From mboxrd@z Thu Jan  1 00:00:00 1970
From: Avi Kivity <avi@redhat.com>
Subject: Re: [PATCH -v8][RFC] mutex: implement adaptive spinning
Date: Mon, 12 Jan 2009 19:23:38 +0200
Message-ID: <496B7C9A.7030108@redhat.com>
References: <1231774622.4371.96.camel@laptop>  <496B6C23.8000808@redhat.com> <1231780388.4371.185.camel@laptop>
Mime-Version: 1.0
Content-Type: text/plain; charset=ISO-8859-1; format=flowed
Content-Transfer-Encoding: 7bit
Cc: Linus Torvalds <torvalds@linux-foundation.org>,
	Ingo Molnar <mingo@elte.hu>,
	"Paul E. McKenney" <paulmck@linux.vnet.ibm.com>,
	Gregory Haskins <ghaskins@novell.com>,
	Matthew Wilcox <matthew@wil.cx>,
	Andi Kleen <andi@firstfloor.org>,
	Chris Mason <chris.mason@oracle.com>,
	Andrew Morton <akpm@linux-foundation.org>,
	Linux Kernel Mailing List <linux-kernel@vger.kernel.org>,
	linux-fsdevel <linux-fsdevel@vger.kernel.org>,
	linux-btrfs <linux-btrfs@vger.kernel.org>,
	Thomas Gleixner <tglx@linutronix.de>,
	Nick Piggin <npiggin@suse.de>,
	Peter Morreale <pmorreale@novell.com>,
	Sven Dietrich <SDietrich@novell.com>,
	Dmitry Adamushko <dmitry.adamushko@gmail.com>
To: Peter Zijlstra <peterz@infradead.org>
Return-path: <linux-btrfs-owner@vger.kernel.org>
In-Reply-To: <1231780388.4371.185.camel@laptop>
Sender: linux-btrfs-owner@vger.kernel.org
List-Id: linux-fsdevel.vger.kernel.org

Peter Zijlstra wrote:
> On Mon, 2009-01-12 at 18:13 +0200, Avi Kivity wrote:
>
>   
>> One thing that worries me here is that the spinners will spin on a 
>> memory location in struct mutex, which means that the cacheline holding 
>> the mutex (which is likely to be under write activity from the owner) 
>> will be continuously shared by the spinners, slowing the owner down when 
>> it needs to unshare it.  One way out of this is to spin on a location in 
>> struct mutex_waiter, and have the mutex owner touch it when it schedules 
>> out.
>>     
>
> Yeah, that is what pure MCS locks do -- however I don't think its a
> feasible strategy for this spin/sleep hybrid.
>   

Bummer.

>> So:
>> - each task_struct has an array of currently owned mutexes, appended to 
>> by mutex_lock()
>>     
>
> That's not going to fly I think. Lockdep does this but its very
> expensive and has some issues. We're currently at 48 max owners, and
> still some code paths manage to exceed that.
>   

Might make it per-cpu instead, and set a bit in the mutex when 
scheduling out so we know not to remove it from the list on unlock.

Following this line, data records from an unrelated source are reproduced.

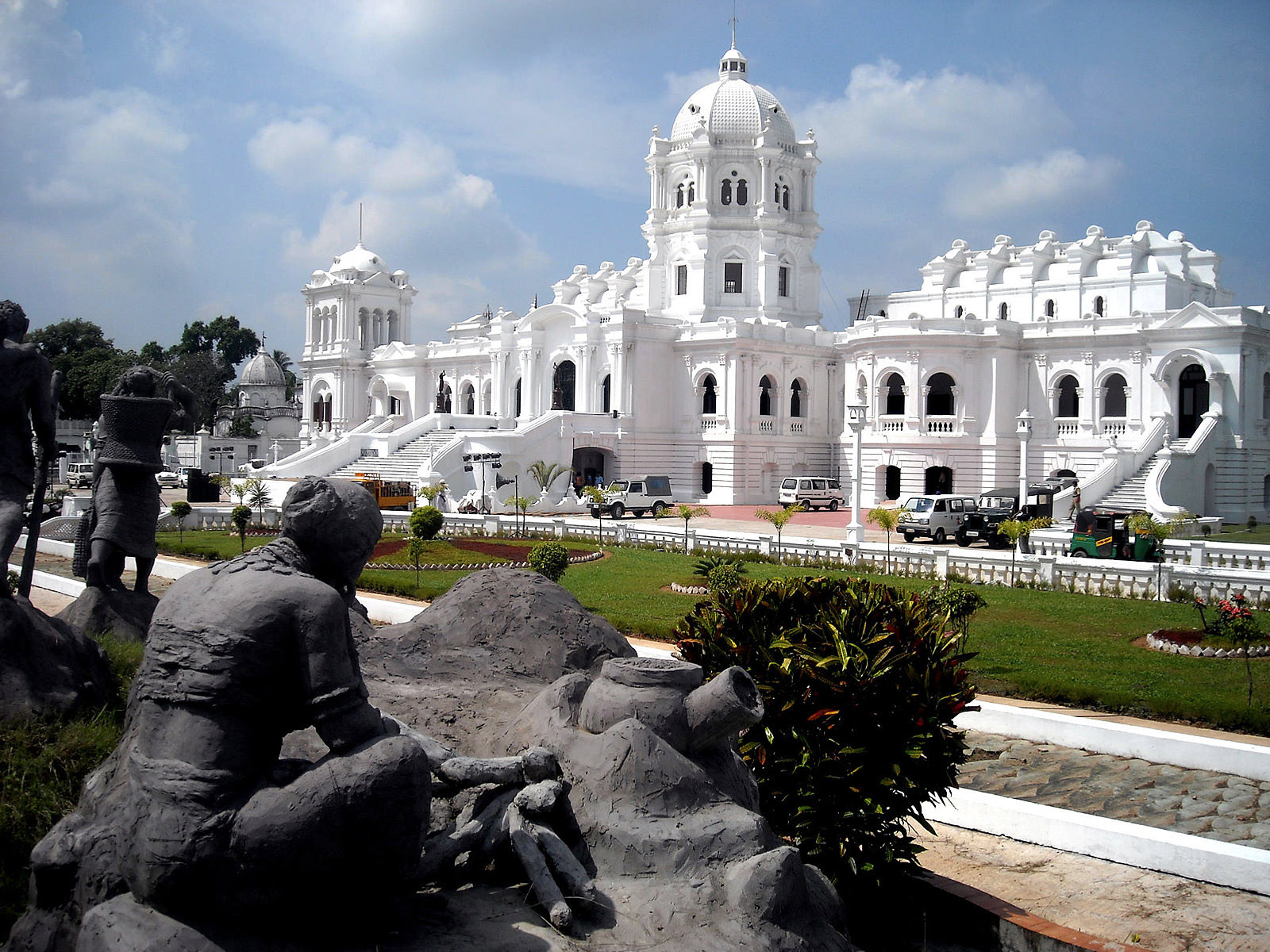 The Ujjayanta Palace is a museum and former royal palace of Tripura (princely state) situated in Agartala, the capital of the Indian state of Tripura. The palace was constructed between 1899 and 1901 by the Tripura king, Maharaja Radha Kishore Manikya, and stands on the banks of a small lake surrounded by Mughal gardens. It was the home of the ruling Manikya dynasty until the Tripura`s accession to India in October 1949. The palace was purchased from the royal family by the Tripura government in 1972-73 for Rs. 2.5 million, and was used to house the state legislative assembly until July 2011. Ujjayanta Palace is now a state museum and it showcases the lifestyle, arts, culture, tradition and utility crafts of communities residing in northeast India. The name 'Ujjayanta Palace' was given by Rabindranath Tagore, the first Asian Nobel Prize winner. Tripura claims to be one of the oldest princely states of ancient India. The royal line of Tripura began during the reign of Maharaja Maha Manikya, who was crowned in 1400 AD, and was the first ruler under the royal title of Manikya. Ujjayanta Palace was built in 1862, 10 km (6 mi) away from Agartala, by King Ishan Chandra Manikya (1849-1862). It was devastated by the Assam earthquake of 12 June 1897. The palace was rebuilt in the heart of Agartala city by Maharaja Radha Kishore Manikya in 1899–1901, at a cost of 10 lakh (1 million) rupees. It was built by Martin Burn Company, and served as the model of the Maharajah's palace in Tintin and the Cigars of the Pharaoh. Upon the merger of the Kingdom of Tripura with India in 1949, royal properties were nationalised. The main building along with the area around the palace was purchased from the royal family by the Tripura government in 1972-73. It housed the Tripura Legislative Assembly until July 2011 when the assembly moved to a new location 6 km (3.7 mi) north of Agartala. As state museum: In 2013, the Ujjayanta Palace became home to the Tripura Government Museum, the biggest museum in the region, which was established in 1970. The museum contains 22 galleries and showcases northeast India’s art, culture, history, tradition and ethnic diversity. The items on display include sculptures, terracotta figurines, coins, copper and stone inscriptions, bronze images, textiles, oil paintings, sketches and drawings, tribal ornaments, and musical instruments. In addition, the state archive has been moved to Ujjayanta Palace. The museum was provided with seismic retrofitting to prevent it from possible earthquake damage, at a cost of Rs. 100 million, and the museum was inaugurated by the Vice President of India Mohammad Hamid Ansari on 25 September 2013. Early in the museum's history, controversy erupted over the state government's proposed move to change the name of Ujjayanta Palace to Tripura State Museum. The Indigenous Nationalist Party of Twipra (INPT) has written to Vice President, Hamid Ansari, protesting that the name of the museum should reflect the history and heritage of the region. Pradyut Bikram Kishore Debbarma, the titular king of Tripura said, “The palace is a historical spot. It doesn’t belong to the members of erstwhile royal family alone, neither does it solely belongs to the government. It belongs to Tripura and somebody in the government can’t suddenly impose a decision to change its name". After a candle-light rally attended by about 8000 people, the government decided to keep the original name of Ujjayanta Palace and to build a statue of Maharaj Radha Kishore Manikya on the museum premises. The Ujjayanta Palace compound covers an area of approximately 1 km2 (250 acres) and includes public rooms such as the throne room, durbar hall, library and reception hall. The buildings and grounds cover 800 acres (3.2 km2) in the heart of Agartala. The neoclassical palace was designed by Sir Alexander Martin of Martin Burn Company. The Chinese Room is particularly notable, the ceiling of which was crafted by artisans brought from China. The two-storied palace has three large domes, the largest of which is 86 ft (26 m) high, and which rests atop a four-storied central tower. The architecture shows a mix of influences: Mughal, Roman and British The palace has tiled floors and carved front doors. A newer attraction is the musical fountain installed in front of the main entrance. The grounds are laid out as formal Mughal gardens adorned with fountains. There are two large artificial ponds on either side of the garden which is decorated with pools and fountains. Several Hindu temples occupy plots adjacent to Ujjayanta Palace, dedicated to Lakshmi Narayan, Uma-Maheshwari, Kali and Jagannath.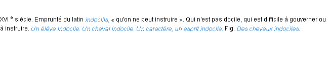 Ancienne signification éditée en 1798 pour le terme « indocile » par l’Académie Française.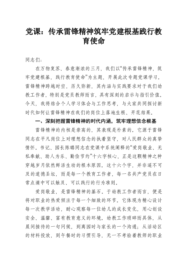 党课:传承雷锋精神筑牢党建根基践行教育使命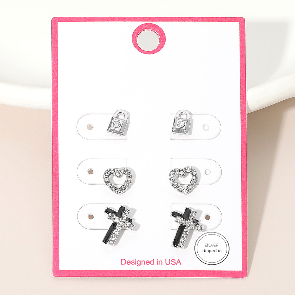 Details • Size : 0.3" - 0.5" L • Post Back • Stud earring set featuring lock, heart, and cross designs for versatile everyday wear. A coordinated multi pair set ideal for gifting, faith inspired styling, and boutique displays. Perfect for mixing and matching, stacking looks, or wearing individually for meaningful and trend focused accessory styling. • Lead and Nickel Compliant • Sterling Silver Dipped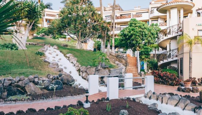 Расположение: в тихом жилом районе на юге острова, в 100 м от океана и недалеко от клуба Golf del Sur, одно из полей которого имеет 27 лунок. Расстояние до аэропорта Тенерифе Южный составляет всего 4км.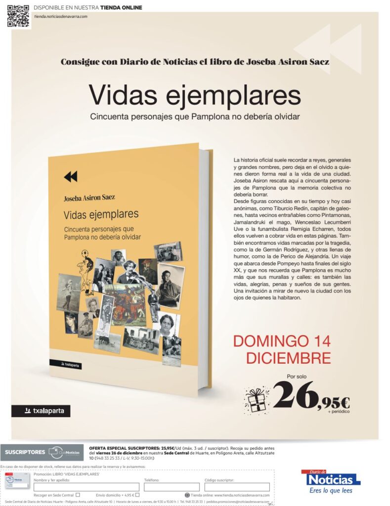 Consigue con Diario de Noticias el libro de Joseba Asiron Saez, Vidas ejemplares. Cincuenta personajes que Pamplona no debería olvidar.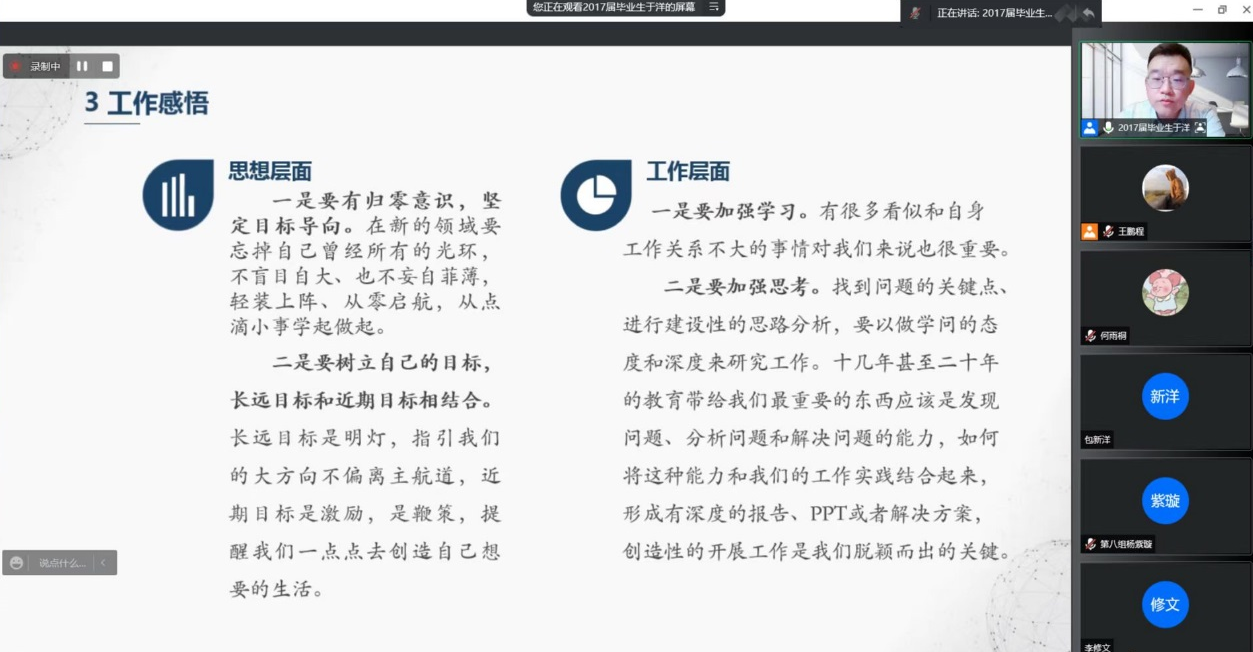 于洋學長從擇業(yè)、工作、感悟三個方面,分享了他從選調(diào)生錄取到不斷成長的過程,與同學們重溫了自己選調(diào)生考試的過程,幫助大家進一步厘清選調(diào)生的各種相關政策,誠摯地歡迎廣大青年學生投身到基層工作中,貢獻青春力量。在擇業(yè)時,他分享了畢業(yè)后想去看看最真實的中國,選擇了到基層鍛煉自己;在工作時,他介紹了自己通過多崗錘煉,復合成長,鼓勵自己走出固有的關系網(wǎng),“逼迫”自己不斷學習,努力提高綜合素質(zhì)的寶貴經(jīng)歷;在感悟環(huán)節(jié),他與大家共勉,要清楚“成人和成熟”“能做事和會來事”的重要區(qū)別,要在等待的日子里,刻苦讀書,謙卑做人,養(yǎng)得深根,日后才能枝葉茂盛。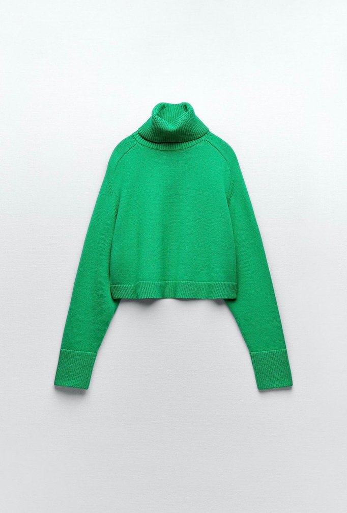 Yeşil renkte balıkçı yaka, uzun kollu ve triko dokumalı crop kadın kazak
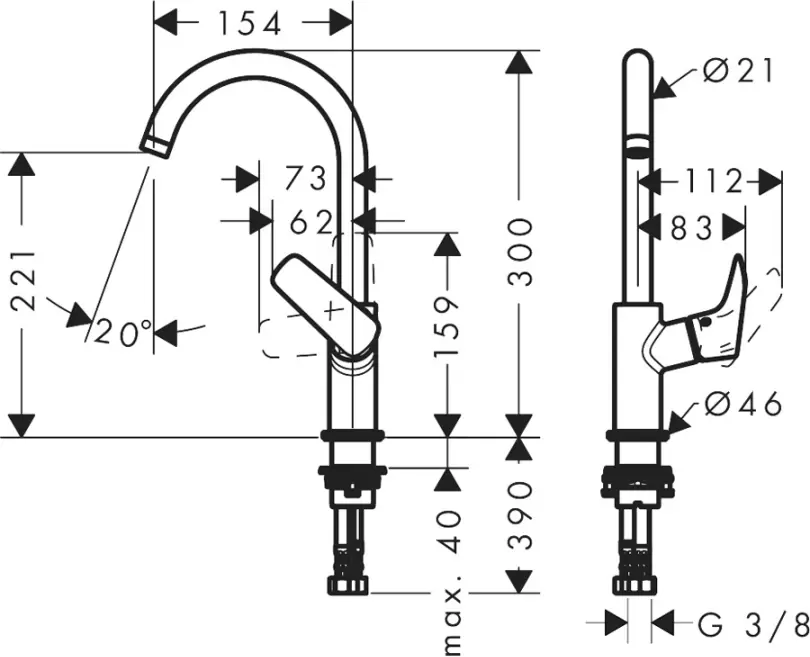 | Длина излива, см | 15.4 |

>> - mutex waiters spin on mutex_waiter.wait, which they initialize to zero
>> - when switching out of a task, walk the mutex list, and for each mutex, 
>> bump each waiter's wait variable, and clear the owner array
>>     
>
> Which is O(n).
>   

It may be better than O(n) cpus banging on the mutex for the lock 
duration.  Of course we should avoid walking the part of the list where 
non-spinning owners wait (or maybe have a separate list for spinners).

>> - when unlocking a mutex, bump the nearest waiter's wait variable, and 
>> remove from the owner array
>>
>> Something similar might be done to spinlocks to reduce cacheline 
>> contention from spinners and the owner.
>>     
>
> Spinlocks can use 'pure' MCS locks.
>   

I'll read up on those, thanks.

-- 
error compiling committee.c: too many arguments to function